[PROVIDED RECORDS Boundary: Start]
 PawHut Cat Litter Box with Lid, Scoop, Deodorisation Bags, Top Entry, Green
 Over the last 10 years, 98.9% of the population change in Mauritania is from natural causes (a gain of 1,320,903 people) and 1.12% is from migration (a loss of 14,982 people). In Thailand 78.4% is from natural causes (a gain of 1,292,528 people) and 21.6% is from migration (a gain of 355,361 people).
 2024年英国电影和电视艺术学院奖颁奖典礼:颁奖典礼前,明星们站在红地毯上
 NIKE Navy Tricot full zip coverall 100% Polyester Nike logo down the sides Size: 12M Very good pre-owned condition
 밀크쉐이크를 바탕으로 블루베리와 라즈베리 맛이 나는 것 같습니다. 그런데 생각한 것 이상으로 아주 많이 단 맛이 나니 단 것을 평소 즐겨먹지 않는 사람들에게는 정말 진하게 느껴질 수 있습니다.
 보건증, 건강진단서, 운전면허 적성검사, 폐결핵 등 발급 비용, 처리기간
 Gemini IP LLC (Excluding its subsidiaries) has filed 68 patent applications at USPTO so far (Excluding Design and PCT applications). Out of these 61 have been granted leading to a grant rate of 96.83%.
[PROVIDED RECORDS Boundary: End]
[PROVIDED RECORDS Boundary: Start]
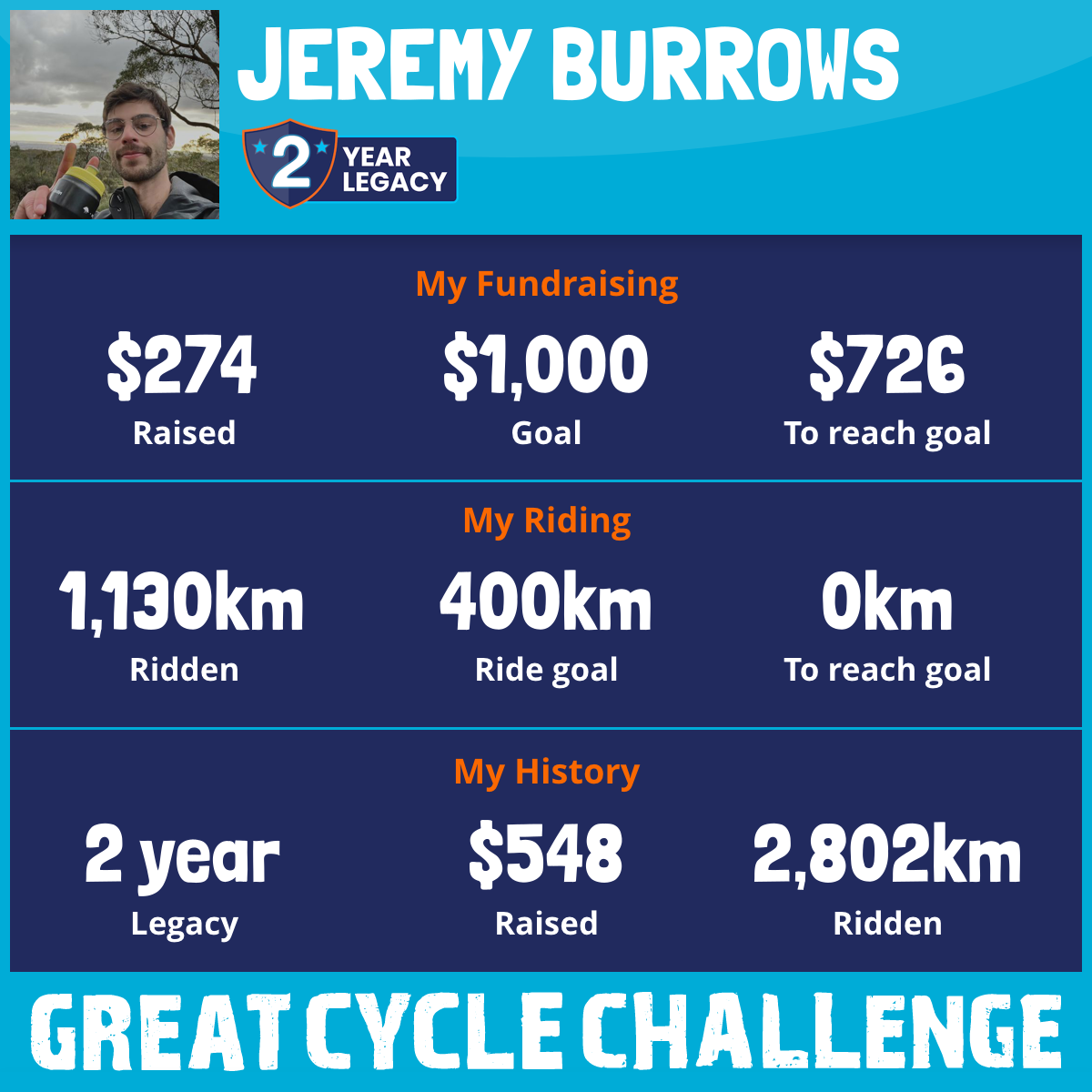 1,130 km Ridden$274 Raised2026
[PROVIDED RECORDS Boundary: End]
◆ **WHAT IS REQUIRED**: Out of the data above, give again only the lines starting at the one holding "PawHut Cat Litter" and ending at the one holding "Gemini IP LLC", unchanged.

◆ **ANSWER BOX**:
 PawHut Cat Litter Box with Lid, Scoop, Deodorisation Bags, Top Entry, Green
 Over the last 10 years, 98.9% of the population change in Mauritania is from natural causes (a gain of 1,320,903 people) and 1.12% is from migration (a loss of 14,982 people). In Thailand 78.4% is from natural causes (a gain of 1,292,528 people) and 21.6% is from migration (a gain of 355,361 people).
 2024年英国电影和电视艺术学院奖颁奖典礼:颁奖典礼前,明星们站在红地毯上
 NIKE Navy Tricot full zip coverall 100% Polyester Nike logo down the sides Size: 12M Very good pre-owned condition
 밀크쉐이크를 바탕으로 블루베리와 라즈베리 맛이 나는 것 같습니다. 그런데 생각한 것 이상으로 아주 많이 단 맛이 나니 단 것을 평소 즐겨먹지 않는 사람들에게는 정말 진하게 느껴질 수 있습니다.
 보건증, 건강진단서, 운전면허 적성검사, 폐결핵 등 발급 비용, 처리기간
 Gemini IP LLC (Excluding its subsidiaries) has filed 68 patent applications at USPTO so far (Excluding Design and PCT applications). Out of these 61 have been granted leading to a grant rate of 96.83%.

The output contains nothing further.